The cancellation of the race caused a veritable whirlwind of activity among staff from Dorna, the teams, the riders, the MSMA and the track authorities. Meetings were held, adjourned for further consultation, held again, adjourned again and then continued. The teams were consulted, the riders were consulted, most importantly of all, the TV companies were consulted, and eventually, the race was rescheduled to take place on Monday, in the early evening.
The decision was not met with universal enthusiasm. A group of riders including Casey Stoner, Sete Gibernau, Chris Vermeulen, Dani Pedrosa, Nicky Hayden and Loris Capirossi were opposed to race being put back a day, with Stoner telling Italian sports daily Gazzetta dello Sport, "It's not a good idea to run on Monday. We can't be sure it won't rain tomorrow, and the rain today has washed sand onto the track, so there's a safety risk."
Valentino Rossi was none too complimentary either: "For sure it would have been worse not to race. We waited an extra month to avoid the cold we had in 2008, compressing 17 races of the world championship into the time between April and October: Not to race would have been a big joke. Also for the fans. We would have literally wasted the days of practice. This is the risk you run when you have a race at night. I have never agreed with this, I don't like it at all. I don't think it adds anything to the spectacle. It's just a TV show. Now we need to look at what we do for the sport, and what we do for the show, because to turn the world championship into a circus is not a good thing."
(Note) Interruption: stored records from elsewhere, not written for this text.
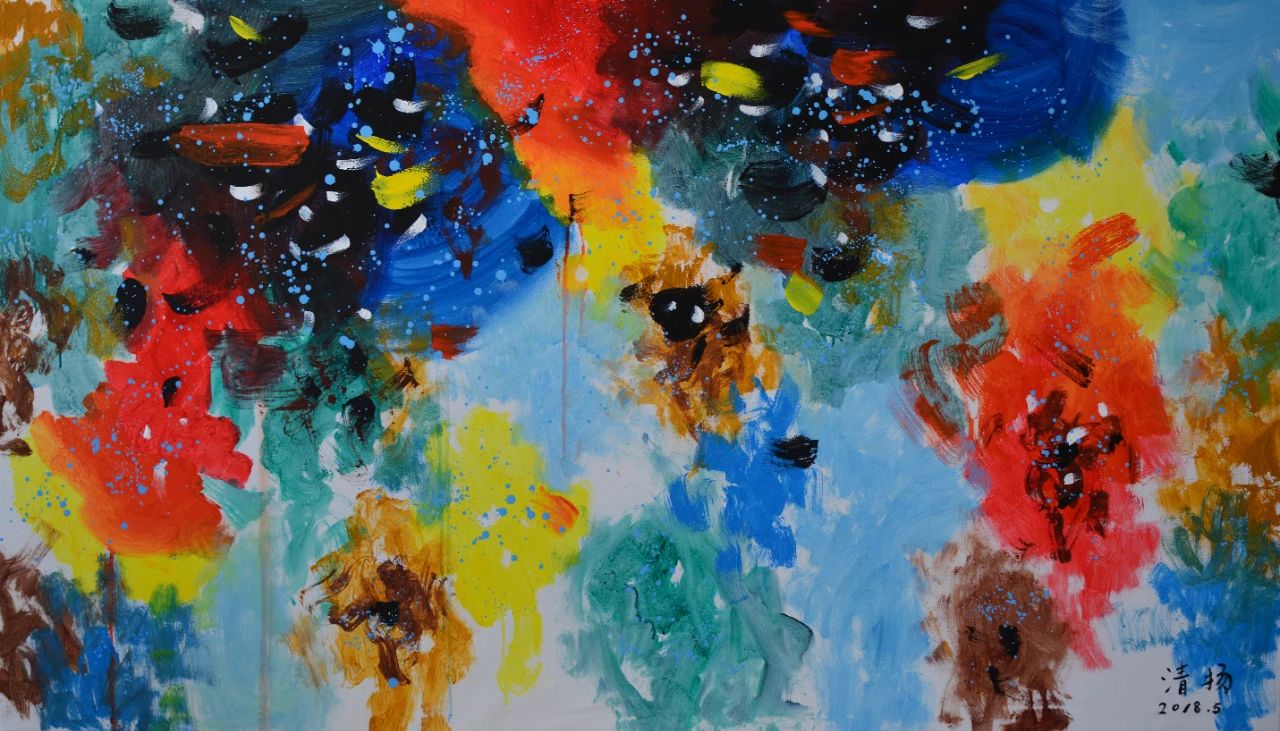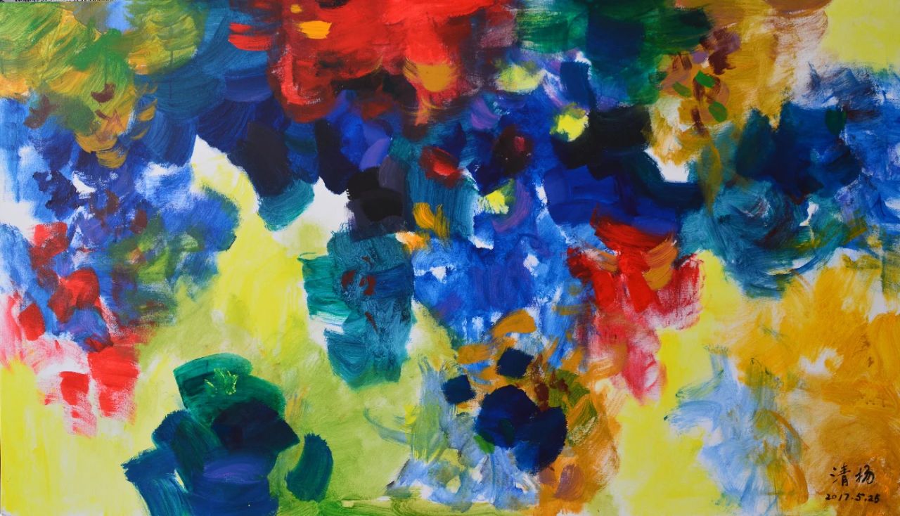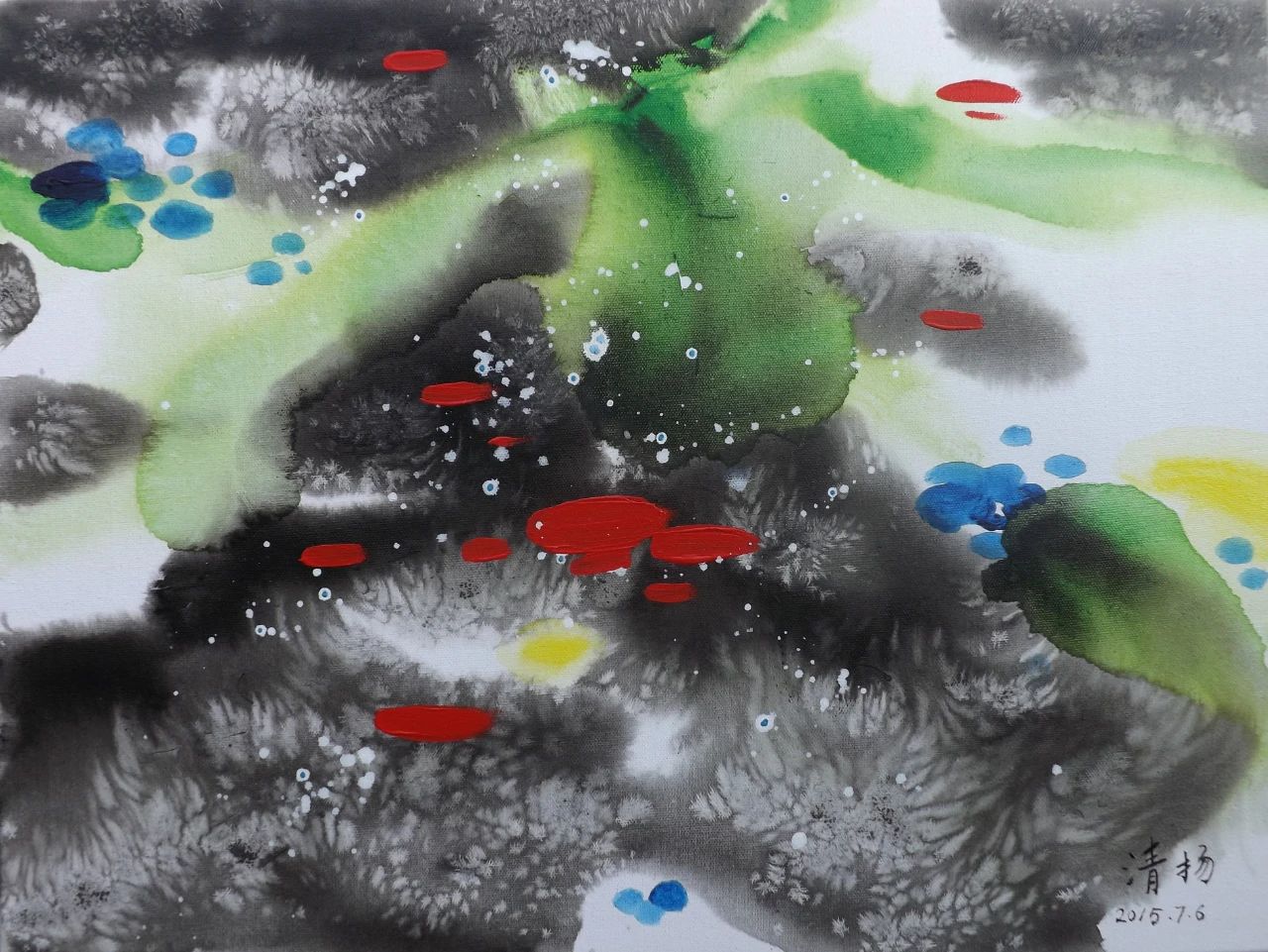 答:我的抽象畫以水彩抽象和丙烯抽象為主。原來我畫水墨抽象,1999年夏天,看到我國水彩畫家寧泓麟老師畫一幅水彩風景畫,被水與色的交融所吸引。當時我正研究抽象,想丙烯和水彩道理是一樣的,抽象一定效果不錯,就試了試。在水的作用下,顏色出現(xiàn)了神奇的效果。不過,感覺很難控制畫面。從畫面濕水到畫面干燥,只有7、8分鐘的時間。在這么短的時間內要考慮構圖、色彩搭配、黑白灰、筆觸與肌理,難度極大。通過反復試驗,掌握了一定的技巧。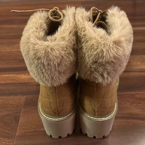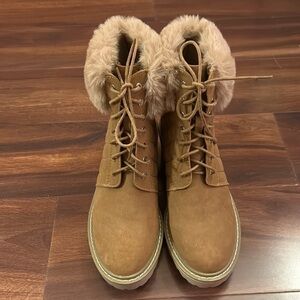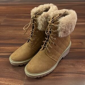 🌿SALE🌿NICOLE MILLER Latte Faux Fur Trim Quilted Wedge Ankle Boots size 9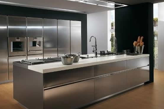 其實不然,現(xiàn)如今的不銹鋼櫥柜產(chǎn)品,無論從鍛造工藝或者外形設計上都表現(xiàn)出其他品牌沒有的潛力,成為打造后現(xiàn)代風格廚房的“法寶”。曾經(jīng)給人以“冷冰冰”印象的外觀得到了很大改善。不少品牌利用不銹鋼極強的金屬感,推出了后現(xiàn)代風格的整體設計產(chǎn)品。線條簡約,同色系水槽、灶具、抽油煙機甚至焗爐和冰箱嵌入其中,渾然一體,還營造出空間的開闊感。此外,不銹鋼櫥柜柜體由雙面組成,整個柜由整塊材料一次沖壓,一體化成形,柜體找不到一個焊點和螺絲釘。而且,不銹鋼臺面與水槽焊接成為一體,無需封邊也無邊縫,很好起到防水不滲漏、防蟑蟲的作用。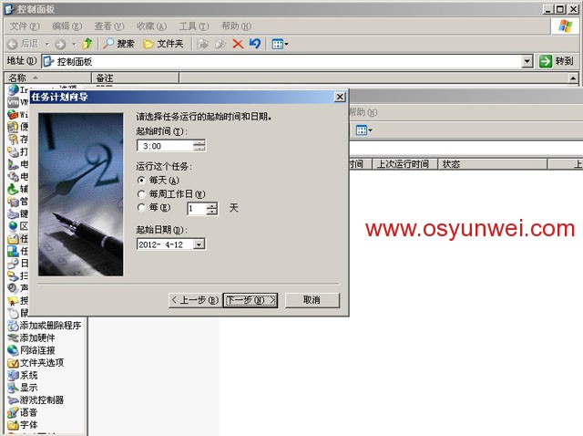 三、在cwRsync客户端的任务计划中添加批处理脚本文件,每天凌晨3:00钟自动同步Rsync服务端/home/mysql_data目录中的数据到D:\mysql_data目录
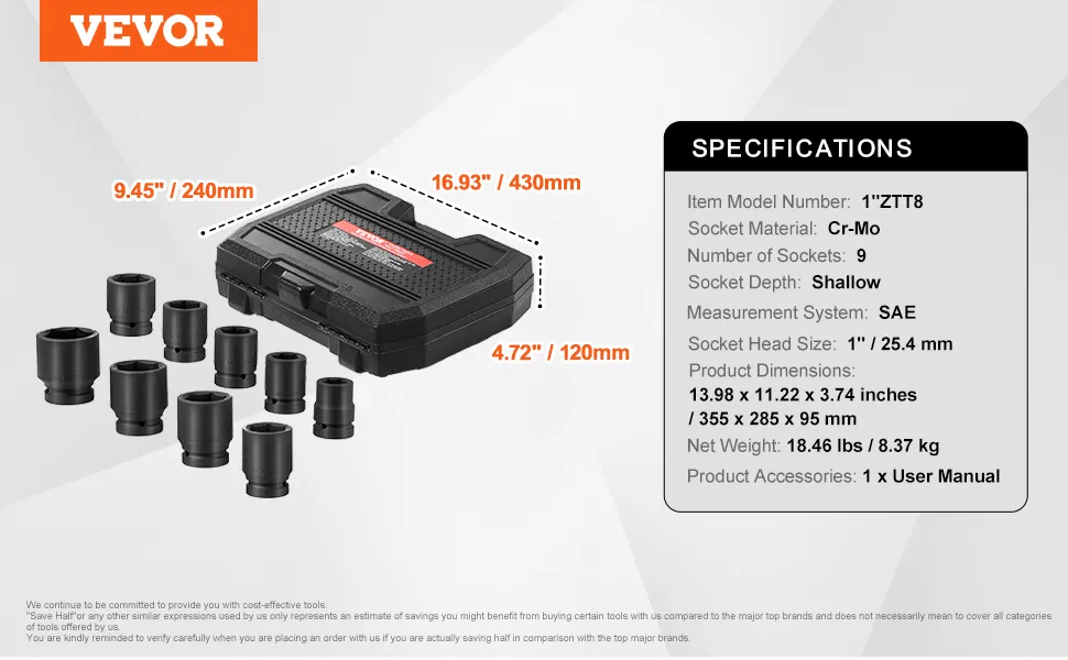 VEVOR Axle Nut Impact Socket Set 1" Drive 6-Point 9-Piece

As ever, irony is never far from the scene in MotoGP. All winter long, the FIM, Dorna, the MSMA and IRTA have engaged in talks and hammered out a series of proposals aimed at cutting costs in MotoGP. And at the very first race of the season, the weather causes the race to be delayed for a day, forcing the teams, manufacturers and press to engage in a frenzied bout of flight and accommodation rescheduling. Valentino Rossi was booked on a 3:45am flight out of Qatar, and Rossi is not subject to Yamaha's economy class flight edict. Many team members will not have had hotel rooms for Sunday night, as they expected to fly out on Sunday night, and the trucks will already be pouring into the paddock at Qatar ready to ship the containers off to be flown to Japan for round two of the series, at Motegi. Adding an extra day of truck hire will be expensive enough, but if a freight aircraft has to be rescheduled, this could get very expensive indeed.
There were also doubts about the logistics of running a race on Monday. It's not certain that the teams will have enough tires to run another warm up on Monday, followed by the race. And with the time of the race having been brought forward by two hours, the temperatures could be very different too. Tires aren't the only problem though, as Sportmediaset is also reporting that they may not have enough of the special gas the teams use to run the race either.
One suggestion bandied about by Loris Capirossi was to run the race in the slot vacated by the abandoned Hungarian Grand Prix which was due to take place in September, until it was canceled over wrangling about money between the Hungarian authorities and the Spanish construction company building the track. But other riders were less attracted to this idea. "For sure I would like to race tomorrow and go on holiday in September," Marco Melandri responded, when asked about this possibility by the official MotoGP.com website.
Will this be the last of the night races at Qatar? It's too early to tell. But one thing is for certain, if anyone doubted that there were risks involved in running a race at night, those doubts will by now surely have been removed.